Il pittore TJ dice di essere stato in galera due anni per un accoltellamento, dove ha scoperto l’arte. L’ex bad boy si è messo quindi a dipingere quadri a olio che “rappresentano l’oppressione spirituale, soprattutto contro l’avanguardia”, di cui si pregia di far parte. Raffigura questa oppressione in maniera “indiretta”: figure umane avvolte da colori cupi, curve, simboli di “frustrazione interiore”. Indica i quadri sui muri del suo studio, grandi tele che, pur senza intenderci troppo d’arte, non esiteremmo a definire “croste”. Il gruppo di giornalisti occidentali in visita a Songzhuang è molto colpito e raccoglie le sue parole. “L’unico modo di rispettare la tradizione cinese è innovare – dice – ma se i soldi [del governo] vanno altrove e noi siamo repressi, come si fa?”
Qualcuno mette mano al portafoglio e si porta via una piccola dose di frustrazione interiore grondante innovazione.
Scena simile nello studio di LD che dipinge invece maiali che “simboleggiano i problemi sociali”. Corpi umani e volti da porci ovunque, “che sorridono ma – vedete? – rivelano inquietudine.
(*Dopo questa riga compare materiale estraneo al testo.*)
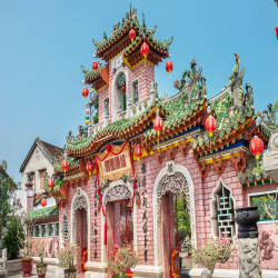 Từ đó, một số các công trình kiến trúc được xây dựng bởi người Hoa nhằm mục đích phục vụ cho đời sống văn hóa tinh thần, trong đó, không thể không nhắc đến Hội quán Phúc Kiến. Đây là một trong những công trình tiêu biểu nhất cho kiến trúc Trung Hoa với mái ngói âm dương, cổng tam quan truyền thống.

Si vive come maiali ovunque, non solo in Cina”. Lui ha dipinto anche Obama, Gheddafi e la vecchia leadership cinese, tutti con la faccia da maiali. “Ma – si affretta a precisare – vivere come maiali non ha necessariamente significato negativo, anzi indica ottimismo”. Qui nessuno mette mano al portafoglio, i quadri di LD costano troppo.